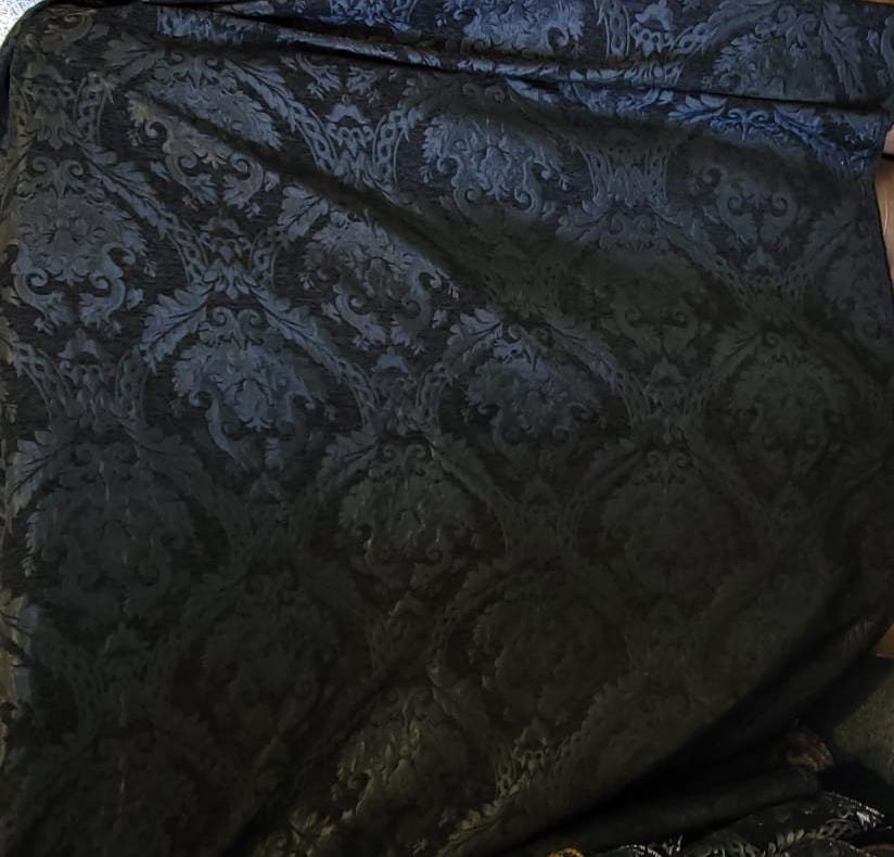 Chenille BAROQUE UPHOLSTERY Fabric Jacquard Damask, 58" wide ,color Black/Black, Reversible, sold by yard in continuous yards
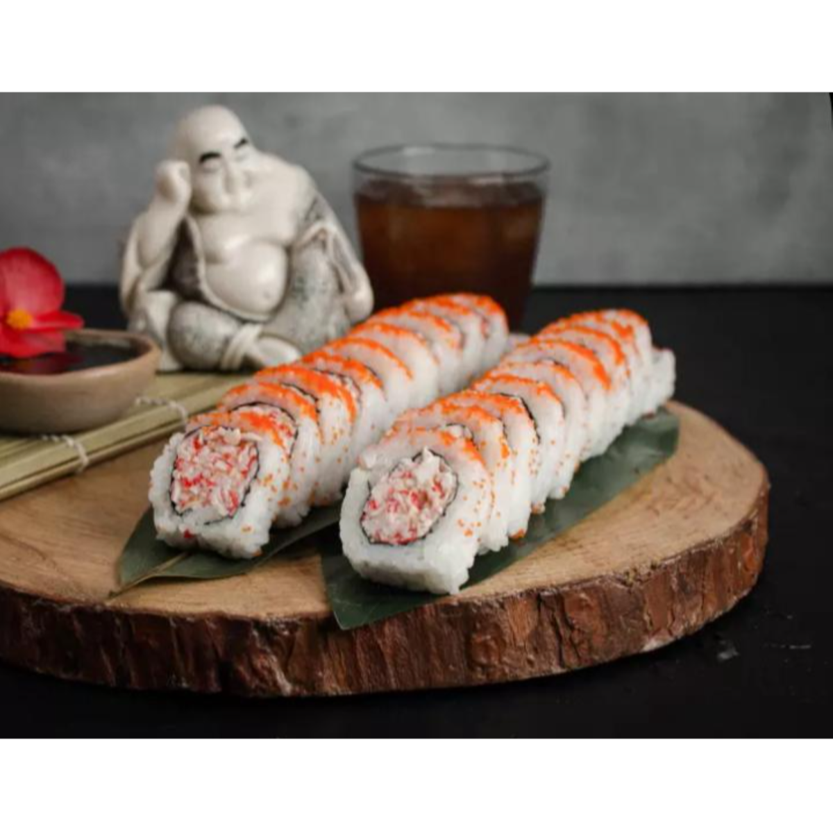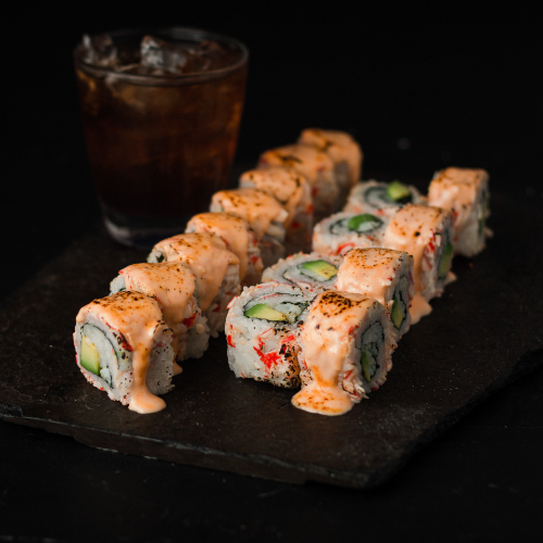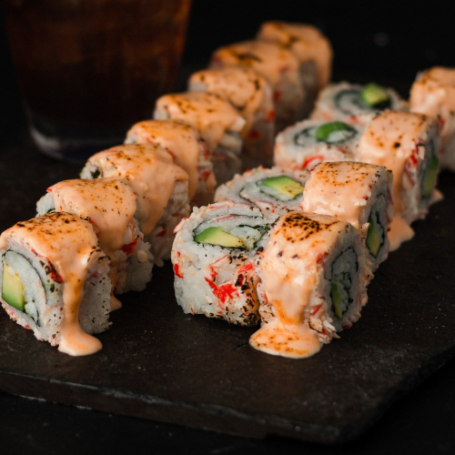 Rollo relleno de pescado blanco tempurizado y aguacate.Topping de pasta dinamita y salsa acevichada ligeramente picante. 24 bocados + té de la casa 300ml.
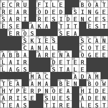 ACROSS 1. Shade of tan 5. Do some clerical work 9. Water vessel 13. Bring up, as a child 14. Wrote a lyric poem 15. Scorch 16. Indian skirt 17. Homes 19. Compass dir. 20. Alias (abbr.) 21. Teat (slang) 22. Eastern Standard Time (abbr.) 23. Greek god of love 25. Ocean 26. Atmospheres 30. Glance over 34. Lessep's creation 35. ____ d'Azur (French Riviera) 36. Swedish rock group 39. Sports stadium 42. Double curve, resembling the letter S 43. Den 44. Prevent from occurring 46. Fails to keep up a pace 47. Showing deterioration from age 48. Apple computer (short form) 51. First man 54. Afternoon social gathering 57. Nanny (var.) 58. Benjamin's nick name 60. Ribbon knot 62. Abnormally rapid or deep breathing 65. Flintstone garb 66. Originate 67. Institutes legal proceedings 68. An important port of Yemen 69. Beverages made from leaves 70. Hoop that covers a wheel 71. For fear that DOWN 1. Celtic language 2. Desist 3. Less widely known 4. RI univ. 5. Tined utensil 6. It may be bright or harebrained 7. French article 8. Proofreads 9. Storage container 10. Single time 11. Grows older 12. Trial 15. Stalk of a moss capsule 18. Pass on 20. "____ silly question..." 24. Motion picture awards 27. _ tizzy (2 wds.) 28. Ewer handle 29. Bobsleighs 30. Tallied 31. Gear tooth 32. Had dinner 33. Born 36. Everything 37. Sound made by sheep 38. Massive 40. Remaining after all deductions 41. _ moment's notice (2 wds.) 45. Enthusiasm 48. Female horse 49. Electrical Unit 50. 2nd pers. sing. pres. of can (arch.) 52. Stay 53. Methods 54. Not this but _ 55. Jane of fiction 56. Capital of Western Samoa 58. Fermented drink made from hops 59. Comfort 61. Left 63. Curvy letter 64. Fr. "Yes" 65. Actor Linden
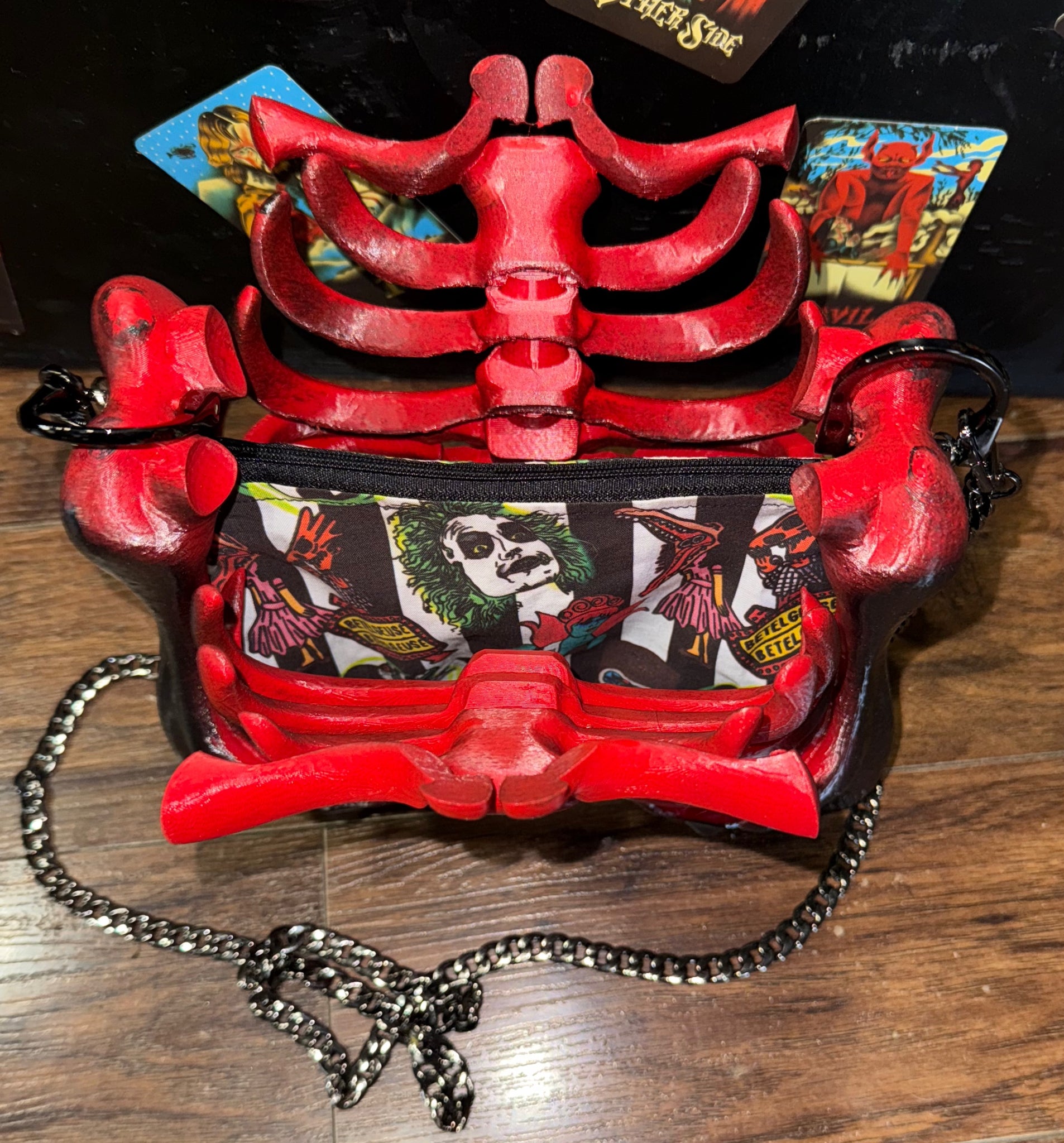 Turn heads (and maybe raise the dead) with this bright red and black ribcage bag — a bold mix of spooky and statement. With its glossy bones, striped Beetlejuice lining, and black chain strap, it’s the perfect accessory for creatures who love to stand out in the dark.
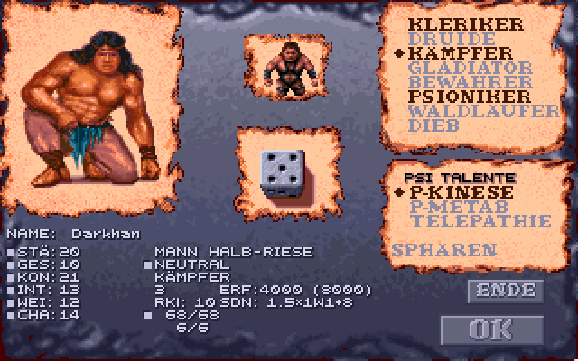 Zu Beginn erstellt man seine 4 Helden, welche aus den Rassen Mensch, Zwerg, Elf, Halb-Elfen, Halblingen, Halb-Riesen, Tri-Kreen und Muls gewählt werden können. Während Menschen, Elfen, Zwerge, Halb-Elfen und Halblingen quasi Fantasystandardkost sind, sieht es bei den anderen Rassen ganz anders aus: Halb-Riesen sind tatsächlich fast so groß wie richtige Riesen, welche gut und gerne 3-4 m groß werden und haben ebenfalls die Stärke ihrer Vorfahren, so dass sie vor allem als Kämpfer in vorderster Front zu gebrauchen sind. Tri-Kreen sind mal wirklich exotische Wesen, welche an ehesten mit Insekten wie Gottesanbeterinnen, nur eben groß wie Menschen, vergleichbar sind. Sie sind alle weibliche Wesen, welche gleich vier Arme haben und sogar ein Gift besitzen, mit denen sie andere Wesen im Kampf lähmen können. Da sie aber völlig anders gebaut sind als der Durchschnittsmensch, können sie auch nicht einfach eine Lederrüstung überbeziehen wie ihre humanoiden Gefährten. Muls wiederrum sind sehr viel humanoider als die anderen, beiden Völker, denn sie sind eine Mischung aus Mensch und Zwerg, dabei aber fast haarlos und dazu immer männlich.
━━━━━━━━━━━━━━━━━━━━
Your goal –
In the answer, give only the lines from the top of the data above through the line with "Rollo relleno de", reproduced exactly; no picture may appear.

Answer section –
 Chenille BAROQUE UPHOLSTERY Fabric Jacquard Damask, 58" wide ,color Black/Black, Reversible, sold by yard in continuous yards
 Rollo relleno de pescado blanco tempurizado y aguacate.Topping de pasta dinamita y salsa acevichada ligeramente picante. 24 bocados + té de la casa 300ml.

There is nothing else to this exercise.